Developmentally regulated alternative splicing is perturbed in type 1 diabetic skeletal muscle

Abstract

Introduction: Type 1 diabetic patients can develop skeletal muscle weakness and atrophy by molecular mechanisms that are not well understood. Alternative splicing (AS) is critical for gene expression in the skeletal muscle, and its dysregulation is implicated in muscle weakness and atrophy. Therefore, we investigated whether AS patterns are affected in type 1 diabetic skeletal muscle contributing to skeletal muscle defects.

Methods: AS patterns were determined by reverse transcription-polymerase chain reaction and levels of RNA binding proteins were assessed by Western blot in type 1 diabetic mouse skeletal muscle and during normal mouse skeletal muscle development.

Results: Five genes with critical functions in the skeletal muscle are misspliced in type 1 diabetic skeletal muscle, resembling their AS patterns at embryonic stages. AS of these genes undergoes dramatic transitions during skeletal muscle development, correlating with changes in specific RNA binding proteins.

Conclusion: Embryonic spliced variants are inappropriately expressed in type 1 diabetic skeletal muscle. Muscle Nerve 56: 744-749, 2017.

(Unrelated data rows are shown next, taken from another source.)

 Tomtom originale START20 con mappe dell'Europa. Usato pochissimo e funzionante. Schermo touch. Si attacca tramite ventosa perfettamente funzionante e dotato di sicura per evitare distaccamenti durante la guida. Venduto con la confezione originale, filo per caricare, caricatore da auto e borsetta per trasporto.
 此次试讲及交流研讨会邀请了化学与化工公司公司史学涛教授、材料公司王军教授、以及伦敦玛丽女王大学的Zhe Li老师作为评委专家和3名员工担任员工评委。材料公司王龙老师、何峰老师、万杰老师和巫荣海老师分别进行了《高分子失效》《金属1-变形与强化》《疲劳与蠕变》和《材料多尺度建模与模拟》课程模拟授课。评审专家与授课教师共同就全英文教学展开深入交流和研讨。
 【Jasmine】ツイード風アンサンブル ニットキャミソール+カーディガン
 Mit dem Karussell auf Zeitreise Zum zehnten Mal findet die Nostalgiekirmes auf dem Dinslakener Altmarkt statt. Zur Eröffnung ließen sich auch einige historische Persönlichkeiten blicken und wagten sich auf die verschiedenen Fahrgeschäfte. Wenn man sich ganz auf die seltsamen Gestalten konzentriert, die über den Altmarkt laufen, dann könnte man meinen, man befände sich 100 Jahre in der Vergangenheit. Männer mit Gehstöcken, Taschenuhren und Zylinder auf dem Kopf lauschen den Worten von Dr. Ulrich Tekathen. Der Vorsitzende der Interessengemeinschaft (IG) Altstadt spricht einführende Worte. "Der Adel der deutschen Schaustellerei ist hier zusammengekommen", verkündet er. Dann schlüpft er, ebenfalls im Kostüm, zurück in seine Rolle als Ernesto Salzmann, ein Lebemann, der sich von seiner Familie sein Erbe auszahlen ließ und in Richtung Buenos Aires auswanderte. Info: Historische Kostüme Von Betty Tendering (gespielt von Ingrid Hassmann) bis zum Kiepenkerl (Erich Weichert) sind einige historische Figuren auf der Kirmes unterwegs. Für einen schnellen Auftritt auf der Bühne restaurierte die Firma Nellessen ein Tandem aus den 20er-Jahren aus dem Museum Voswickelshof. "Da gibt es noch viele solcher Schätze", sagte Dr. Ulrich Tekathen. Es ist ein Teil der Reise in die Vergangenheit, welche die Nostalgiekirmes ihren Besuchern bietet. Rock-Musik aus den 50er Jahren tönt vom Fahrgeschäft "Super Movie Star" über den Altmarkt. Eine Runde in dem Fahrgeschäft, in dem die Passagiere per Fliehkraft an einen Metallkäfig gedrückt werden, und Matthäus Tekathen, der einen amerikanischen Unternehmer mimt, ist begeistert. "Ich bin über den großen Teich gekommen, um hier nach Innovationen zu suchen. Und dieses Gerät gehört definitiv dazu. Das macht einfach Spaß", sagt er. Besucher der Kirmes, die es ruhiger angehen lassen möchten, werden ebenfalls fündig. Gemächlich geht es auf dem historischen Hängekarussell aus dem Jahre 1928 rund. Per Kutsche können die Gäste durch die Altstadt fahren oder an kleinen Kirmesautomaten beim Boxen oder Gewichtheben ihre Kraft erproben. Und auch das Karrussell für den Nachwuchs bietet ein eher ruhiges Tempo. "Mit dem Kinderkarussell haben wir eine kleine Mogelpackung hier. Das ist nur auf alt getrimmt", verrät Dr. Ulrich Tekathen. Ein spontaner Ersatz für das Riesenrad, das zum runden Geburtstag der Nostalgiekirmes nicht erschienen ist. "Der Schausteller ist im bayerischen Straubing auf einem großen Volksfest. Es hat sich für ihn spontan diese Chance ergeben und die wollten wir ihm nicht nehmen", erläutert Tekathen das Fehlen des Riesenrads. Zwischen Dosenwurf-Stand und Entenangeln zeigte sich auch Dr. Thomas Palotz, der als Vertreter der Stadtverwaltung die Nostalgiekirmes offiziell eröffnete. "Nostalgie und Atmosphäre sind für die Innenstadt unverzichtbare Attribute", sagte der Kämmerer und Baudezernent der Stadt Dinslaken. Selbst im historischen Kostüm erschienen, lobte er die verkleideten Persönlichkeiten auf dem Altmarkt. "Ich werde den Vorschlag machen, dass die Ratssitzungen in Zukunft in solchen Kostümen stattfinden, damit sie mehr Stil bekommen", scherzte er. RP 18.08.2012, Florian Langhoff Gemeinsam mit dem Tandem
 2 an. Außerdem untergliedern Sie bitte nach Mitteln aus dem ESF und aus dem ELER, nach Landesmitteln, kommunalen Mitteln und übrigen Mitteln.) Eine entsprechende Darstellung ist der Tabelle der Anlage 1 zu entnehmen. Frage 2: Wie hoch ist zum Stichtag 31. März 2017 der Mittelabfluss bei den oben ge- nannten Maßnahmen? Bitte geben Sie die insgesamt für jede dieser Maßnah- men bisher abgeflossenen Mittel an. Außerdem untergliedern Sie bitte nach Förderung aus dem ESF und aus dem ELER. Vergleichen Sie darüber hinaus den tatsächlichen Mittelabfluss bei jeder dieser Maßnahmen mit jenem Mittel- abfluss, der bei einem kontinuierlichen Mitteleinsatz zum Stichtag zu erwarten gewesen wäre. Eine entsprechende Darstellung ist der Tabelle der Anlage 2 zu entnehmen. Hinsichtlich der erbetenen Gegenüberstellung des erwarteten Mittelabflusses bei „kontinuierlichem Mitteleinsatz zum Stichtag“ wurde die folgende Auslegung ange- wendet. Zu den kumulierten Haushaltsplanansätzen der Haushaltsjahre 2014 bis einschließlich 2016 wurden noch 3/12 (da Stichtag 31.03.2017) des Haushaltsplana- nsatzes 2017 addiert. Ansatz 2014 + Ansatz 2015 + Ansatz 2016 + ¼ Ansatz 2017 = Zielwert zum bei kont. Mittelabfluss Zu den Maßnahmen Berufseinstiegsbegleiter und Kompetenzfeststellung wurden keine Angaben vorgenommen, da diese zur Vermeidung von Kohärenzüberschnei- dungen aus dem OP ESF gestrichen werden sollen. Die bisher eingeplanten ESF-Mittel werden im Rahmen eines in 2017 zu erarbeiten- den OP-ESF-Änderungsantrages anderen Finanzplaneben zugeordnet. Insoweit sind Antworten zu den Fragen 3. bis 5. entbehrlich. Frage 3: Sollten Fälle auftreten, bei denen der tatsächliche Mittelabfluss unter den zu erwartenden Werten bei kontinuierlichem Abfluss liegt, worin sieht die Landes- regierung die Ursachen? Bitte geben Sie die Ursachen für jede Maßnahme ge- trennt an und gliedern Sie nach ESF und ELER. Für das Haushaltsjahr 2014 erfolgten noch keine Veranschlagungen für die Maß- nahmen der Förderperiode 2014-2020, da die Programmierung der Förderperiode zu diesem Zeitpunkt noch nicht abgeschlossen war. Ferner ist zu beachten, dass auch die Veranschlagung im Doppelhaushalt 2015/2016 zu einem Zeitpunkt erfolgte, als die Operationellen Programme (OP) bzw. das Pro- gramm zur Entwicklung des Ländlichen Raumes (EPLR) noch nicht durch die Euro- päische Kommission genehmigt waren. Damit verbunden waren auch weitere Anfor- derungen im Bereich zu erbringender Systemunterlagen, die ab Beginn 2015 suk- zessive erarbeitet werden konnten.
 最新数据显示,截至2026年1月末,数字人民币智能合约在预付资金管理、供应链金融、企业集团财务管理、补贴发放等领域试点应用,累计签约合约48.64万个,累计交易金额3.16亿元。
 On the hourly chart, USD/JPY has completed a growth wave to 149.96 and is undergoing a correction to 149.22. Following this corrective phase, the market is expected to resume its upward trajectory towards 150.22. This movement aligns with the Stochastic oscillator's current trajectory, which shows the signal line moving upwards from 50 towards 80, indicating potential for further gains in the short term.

Keywords: RNA binding proteins; alternative splicing; muscle development; skeletal muscle; type 1 diabetes.

FIGURE 1

Alternative splicing is dysregulated in skeletal muscle of non-obese diabetic mice. Alternative splicing analysis of (A) and (B), Ppp3ca exon 13, (C) Atp2b1 exon 21, (D) Fxr1 exon 15 + 16, (E) Mtmr3 exon 16, and (F) Gpx8 exon 2 in ICR/HaJ (control) (white bars) or type 1 non-obese diabetic (T1D:NOD) (black bars) mouse gastrocnemius muscle, as determined by qRT-PCR (n ≥ 4; *P < 0.05, **P < 0.01, ***P < 0.005).

FIGURE 2

Alternative splicing events affected in type 1 diabetic skeletal muscle undergo changes during mouse skeletal muscle development. Representative gel images of (A) Ppp3ca and (B) Atp2b1 AS in normal FVB mouse skeletal muscle during development. Quantification of alternative exon inclusions of (A) Ppp3ca, (B) Atp2b1, (C) Fxr1, (D) Mtmr3, and (E) Gpx8 in embryonic day 18 (E18) limb, newborn limb, and adult mouse quadriceps (n = 3; *P < 0.05, **P < 0.01, ***P < 0.005).

FIGURE 3

Expression of splicing regulators is dynamically controlled during skeletal muscle development. Western blot (WB) analysis of CELF1, RBFOX1, MBNL1, and Histone H3 in wild-type E18 embryonic mouse limb, newborn mouse limb, and adult mouse quadriceps. Ponceau S staining and Histone H3 WB were used to monitor protein loading.

FIGURE 4

Protein levels of splicing regulators are modulated in non-obese diabetic skeletal muscle. Western blot analysis of (A) RBFOX1 and MBNL1 in ICR (control) or non-obese diabetic (T1D:NOD) gastrocnemius muscle of mice. (B) CELF1, MYOD1, and MYF5 in control (n = 3) and NOD (n = 7) mice gastrocnemius muscle. Ponceau S staining was used to monitor protein loading. Fold-change in each protein in NOD mice skeletal muscle was quantified after normalizing to the loading control and compared with control ICR mice (*P < 0.05, **P < 0.01, ***P < 0.005, NS = not significant). Fold changes in protein levels were as follows: RBFOX1 protein 2.65 ± 0.15 (P < 0.01); MBNL1 protein 1.1 ± 0.1 (not significant); CELF1 protein 2.78 ± 0.36 (P < 0.05); MYOD1 protein −2.17 ± 0.06 (P < 0.005); and MYF5 protein −1.79 ± 0.09 (P < 0.05).